Unfortunately, by the end of the book the man loses his faith and fails to hold on to the fire. This is beautifully but tragically pictured when, in a moment in which the man needed to exhibit courage and strength, he drops and loses forever his lighter – a prop that is important in the early pages of the book. He physically loses the fire as he figuratively loses the fire. The boy, however, persists in carrying the fire even after his father is no longer willing to bear its burden. 

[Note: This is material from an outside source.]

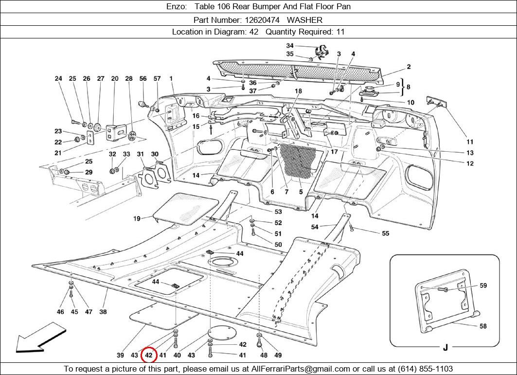 Ferrari Part Number 12620474, WASHER shown here as used in Enzo Table 106 Rear Bumper And Flat Floor Pan. Location in Diagram: 42. Required Quantity: 11. This Ferrari part is used in more than one diagram. Click on the diagrams below to see alternative uses of this part:

I have the seniors read “The Road” because by the end of the book it is clear that the story is as much about us as it is about the man and the boy. “The Road” challenges the students to think about the choices they make every single day. The book helps them to see that they too are on the road as pilgrims, aliens, and strangers. The world they inhabit has not been destroyed by an apocalyptic disaster; the world they live in is actually in worse shape as a result of having been marred by sin. Of course, there is hope because God sent his son to bear the awful weight of sin through death and resurrection. But that is not the end of the story of what God is doing in the world. He has also created for himself a people, a people redeemed from sin and given new life. His people represent restored humanity and are called to be pilgrim ambassadors. “The Road” helps us understand that we are the ones called to carry the fire of Christ and his kingdom in order to show what it means to truly be human. 


[*]All quotes are taken from: McCarthy, Cormac. The Road. New York: Vintage Books, 2006.